DATA BLOCK Start Marker

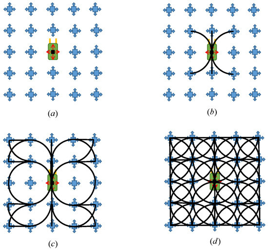 In our thesis, we construct a 4D state lattice based on the position (x, y), heading (), curvature (k) for the kinematics model of the forklift. In order to simplify the construction process, we use a special discretization of state and control space [28]. The orientation of the forklift is assumed to be uniformly distributed in space [0, 2], and the discrete curvature K is also uniformly distributed between [, ], where . Figure 4 shows the accessible graph for the forklifts with three actions. Due to the random position of the forklifts in autonomous navigation space, the state lattice is required to have spatial repeatability, motion primitives generated at a certain node can be applied to other nodes too. The motion primitives in Figure 4 are generated by copying motion primitives from the starting point to other nodes, so the global paths generated by the control system are also feasible for the forklift. Through the generation of motion primitives in the state lattice, the global path planning problem is transformed into the path search and decision problem in different motion primitives, and then generate the feasible trajectory. Combined with the commonly used ARA* search algorithm, we can then obtain a path from the start point to the target that satisfies the kinematic constraints for the forklifts.
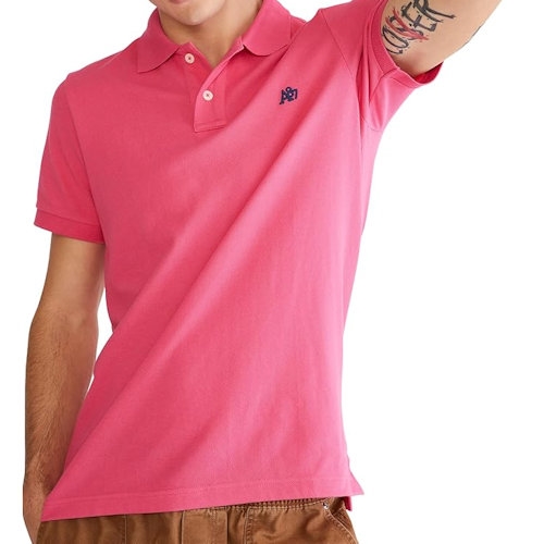 【Aeropostale】2025男時尚字母標誌桃紅色短袖POLO
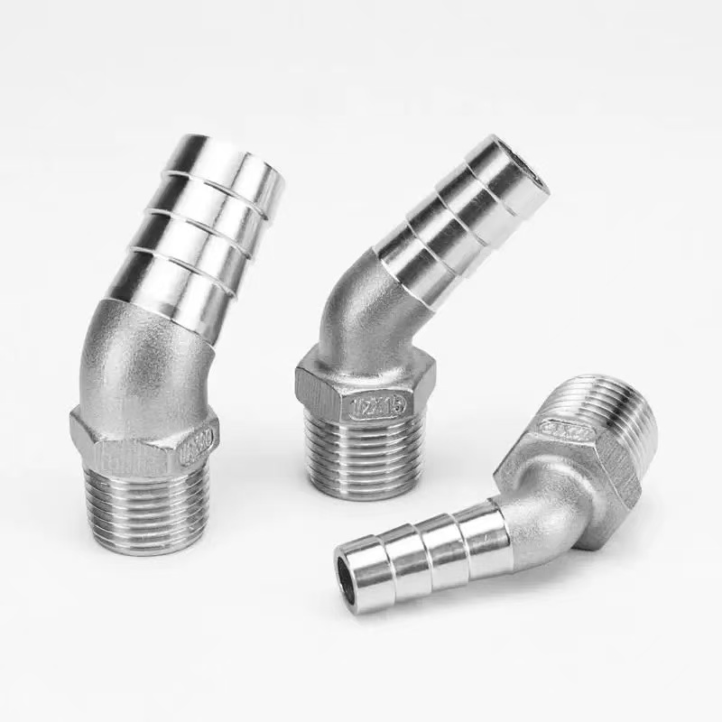 Capăt ghimpat: Acest capăt are o structură ghimpată cu mai multe inele, cu unghiuri și adâncimi optimizate ale dinților. Odată ce un furtun flexibil este introdus, barbele se încorporează în peretele interior al furtunului pentru a crea o prindere mecanică în mai multe puncte. Atunci când este fixat cu o clemă de furtun din oțel inoxidabil, ansamblul atinge o rezistență la smulgere care depășește 50 kg. Capătul ghimpat este disponibil într-o gamă cuprinzătoare de dimensiuni, compatibil cu diferite furtunuri flexibile, cu diametrul interior de la 3 mm la 25 mm.

DATA BLOCK End Marker

YOUR GOAL:
Give back the entire listing verbatim, without the pictures.

RESULT FOR THIS TASK:
 In our thesis, we construct a 4D state lattice based on the position (x, y), heading (), curvature (k) for the kinematics model of the forklift. In order to simplify the construction process, we use a special discretization of state and control space [28]. The orientation of the forklift is assumed to be uniformly distributed in space [0, 2], and the discrete curvature K is also uniformly distributed between [, ], where . Figure 4 shows the accessible graph for the forklifts with three actions. Due to the random position of the forklifts in autonomous navigation space, the state lattice is required to have spatial repeatability, motion primitives generated at a certain node can be applied to other nodes too. The motion primitives in Figure 4 are generated by copying motion primitives from the starting point to other nodes, so the global paths generated by the control system are also feasible for the forklift. Through the generation of motion primitives in the state lattice, the global path planning problem is transformed into the path search and decision problem in different motion primitives, and then generate the feasible trajectory. Combined with the commonly used ARA* search algorithm, we can then obtain a path from the start point to the target that satisfies the kinematic constraints for the forklifts.
 【Aeropostale】2025男時尚字母標誌桃紅色短袖POLO
 Capăt ghimpat: Acest capăt are o structură ghimpată cu mai multe inele, cu unghiuri și adâncimi optimizate ale dinților. Odată ce un furtun flexibil este introdus, barbele se încorporează în peretele interior al furtunului pentru a crea o prindere mecanică în mai multe puncte. Atunci când este fixat cu o clemă de furtun din oțel inoxidabil, ansamblul atinge o rezistență la smulgere care depășește 50 kg. Capătul ghimpat este disponibil într-o gamă cuprinzătoare de dimensiuni, compatibil cu diferite furtunuri flexibile, cu diametrul interior de la 3 mm la 25 mm.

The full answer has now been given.